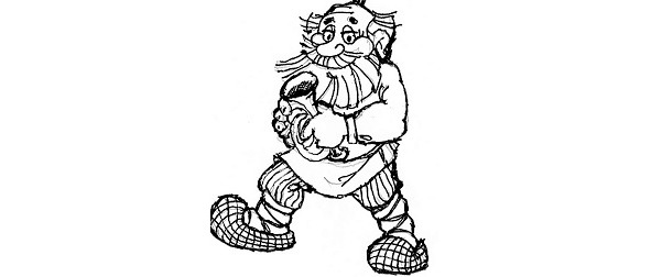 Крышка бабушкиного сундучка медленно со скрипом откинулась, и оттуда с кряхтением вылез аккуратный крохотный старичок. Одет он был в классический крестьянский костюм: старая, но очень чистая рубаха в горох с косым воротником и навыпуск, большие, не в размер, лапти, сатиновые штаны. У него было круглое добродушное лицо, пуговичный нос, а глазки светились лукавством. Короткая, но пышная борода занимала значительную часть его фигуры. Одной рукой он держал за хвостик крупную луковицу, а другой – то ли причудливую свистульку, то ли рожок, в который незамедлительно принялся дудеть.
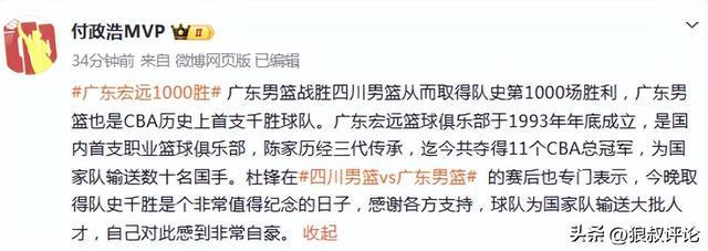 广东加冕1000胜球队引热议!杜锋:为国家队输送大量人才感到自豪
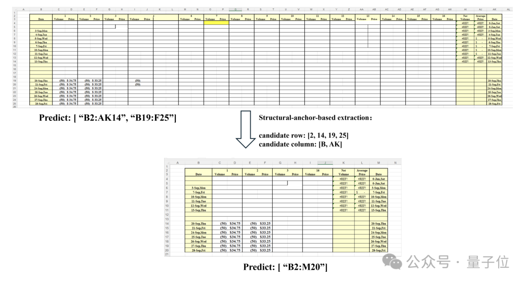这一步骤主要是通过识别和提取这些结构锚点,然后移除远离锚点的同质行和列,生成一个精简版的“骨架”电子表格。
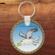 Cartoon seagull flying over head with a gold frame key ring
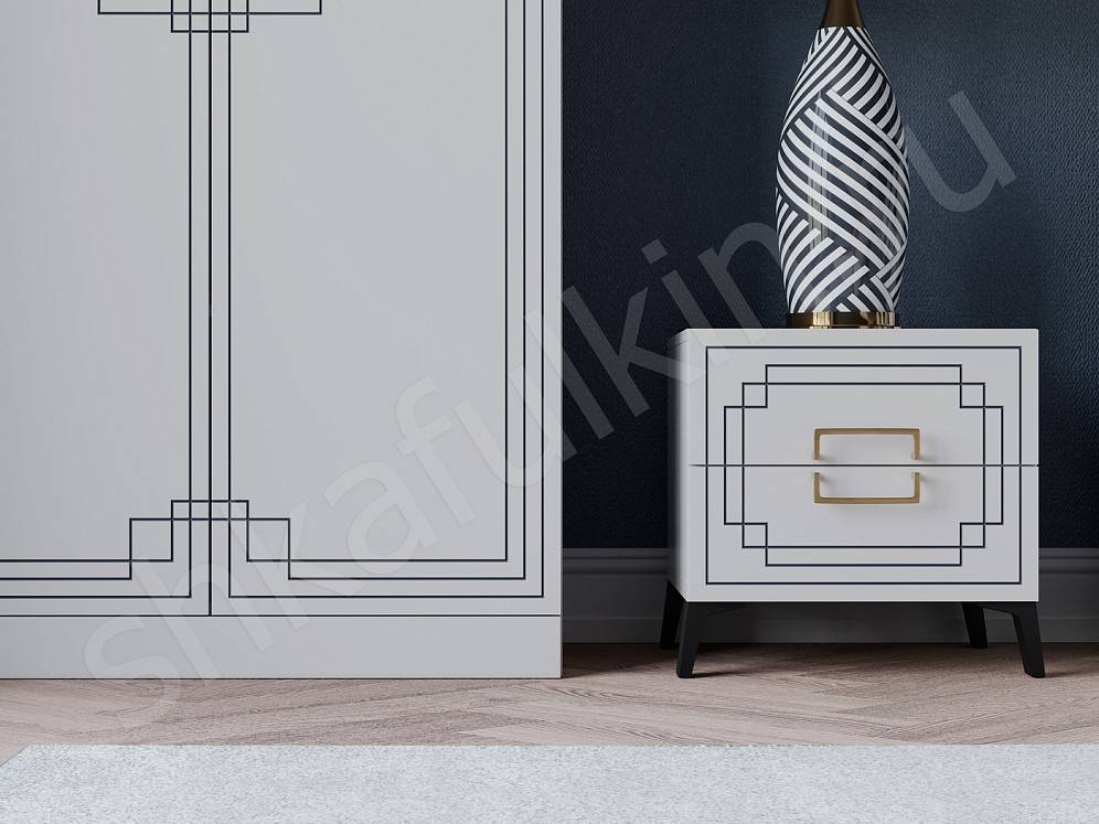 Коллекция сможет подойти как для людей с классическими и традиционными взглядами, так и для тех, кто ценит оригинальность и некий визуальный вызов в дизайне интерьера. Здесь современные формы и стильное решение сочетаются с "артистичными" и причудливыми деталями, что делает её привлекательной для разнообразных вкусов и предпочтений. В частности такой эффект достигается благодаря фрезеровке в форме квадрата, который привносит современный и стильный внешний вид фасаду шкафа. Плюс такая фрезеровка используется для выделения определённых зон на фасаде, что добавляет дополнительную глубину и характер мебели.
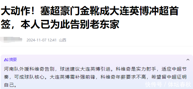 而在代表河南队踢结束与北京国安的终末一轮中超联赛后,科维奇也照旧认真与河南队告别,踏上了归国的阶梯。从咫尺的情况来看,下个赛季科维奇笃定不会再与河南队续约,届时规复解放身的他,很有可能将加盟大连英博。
* * *
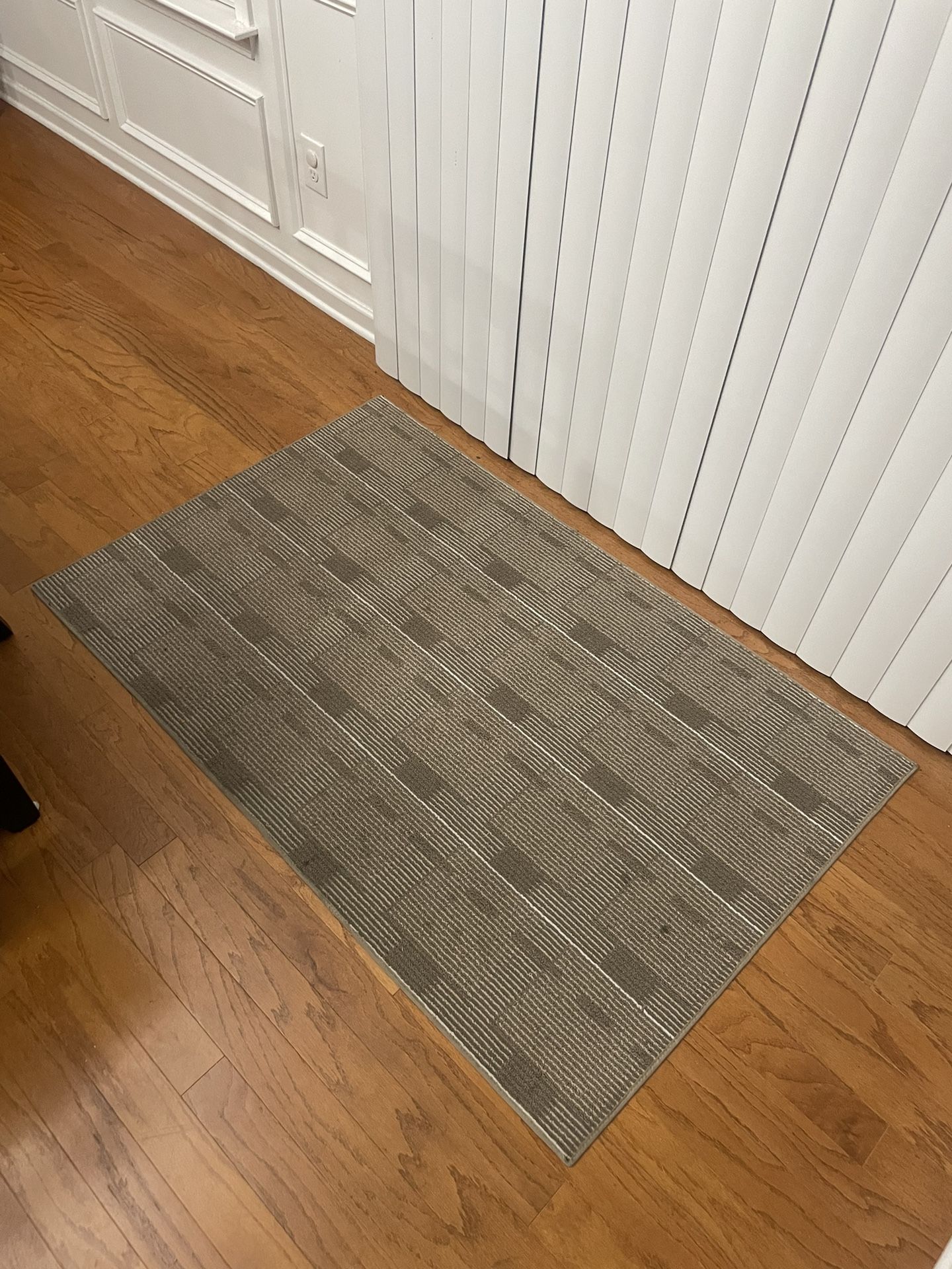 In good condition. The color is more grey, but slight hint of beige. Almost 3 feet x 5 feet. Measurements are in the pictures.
--
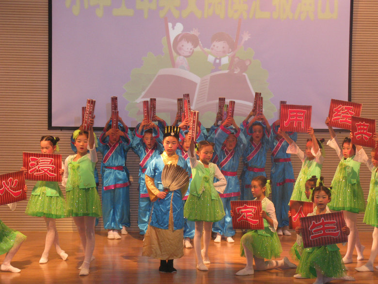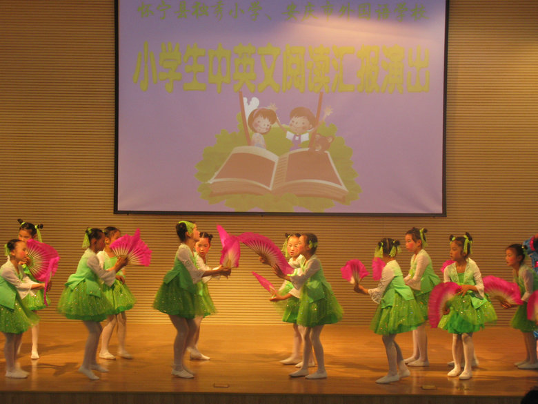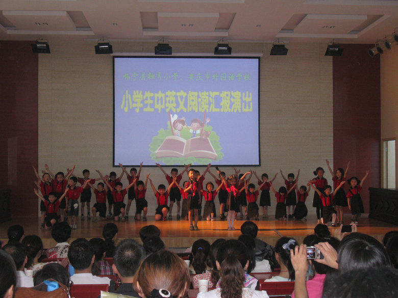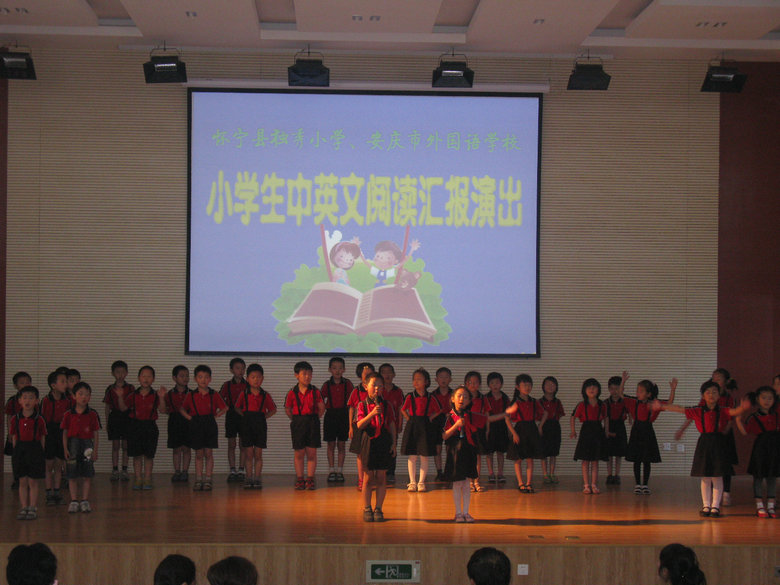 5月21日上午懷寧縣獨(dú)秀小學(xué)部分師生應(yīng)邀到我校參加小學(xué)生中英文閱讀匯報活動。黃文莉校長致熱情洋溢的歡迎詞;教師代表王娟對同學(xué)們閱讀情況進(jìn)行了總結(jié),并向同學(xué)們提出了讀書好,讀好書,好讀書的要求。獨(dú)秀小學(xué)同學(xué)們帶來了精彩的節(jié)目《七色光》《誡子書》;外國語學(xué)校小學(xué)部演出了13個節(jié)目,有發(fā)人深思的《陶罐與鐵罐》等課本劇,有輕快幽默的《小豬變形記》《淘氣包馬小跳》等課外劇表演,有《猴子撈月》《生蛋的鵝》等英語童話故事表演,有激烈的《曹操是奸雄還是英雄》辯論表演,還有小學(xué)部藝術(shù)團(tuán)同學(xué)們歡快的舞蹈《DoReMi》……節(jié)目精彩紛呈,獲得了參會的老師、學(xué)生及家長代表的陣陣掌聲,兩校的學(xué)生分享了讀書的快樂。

What this task involves: Where a picture appears in the records above, omit it, and transcribe exactly the stretch of lines from the one with "Cartoon seagull flying" through the one with "而在代表河南队踢结束与北京国".

Answer box:
 Cartoon seagull flying over head with a gold frame key ring
 Коллекция сможет подойти как для людей с классическими и традиционными взглядами, так и для тех, кто ценит оригинальность и некий визуальный вызов в дизайне интерьера. Здесь современные формы и стильное решение сочетаются с "артистичными" и причудливыми деталями, что делает её привлекательной для разнообразных вкусов и предпочтений. В частности такой эффект достигается благодаря фрезеровке в форме квадрата, который привносит современный и стильный внешний вид фасаду шкафа. Плюс такая фрезеровка используется для выделения определённых зон на фасаде, что добавляет дополнительную глубину и характер мебели.
 而在代表河南队踢结束与北京国安的终末一轮中超联赛后,科维奇也照旧认真与河南队告别,踏上了归国的阶梯。从咫尺的情况来看,下个赛季科维奇笃定不会再与河南队续约,届时规复解放身的他,很有可能将加盟大连英博。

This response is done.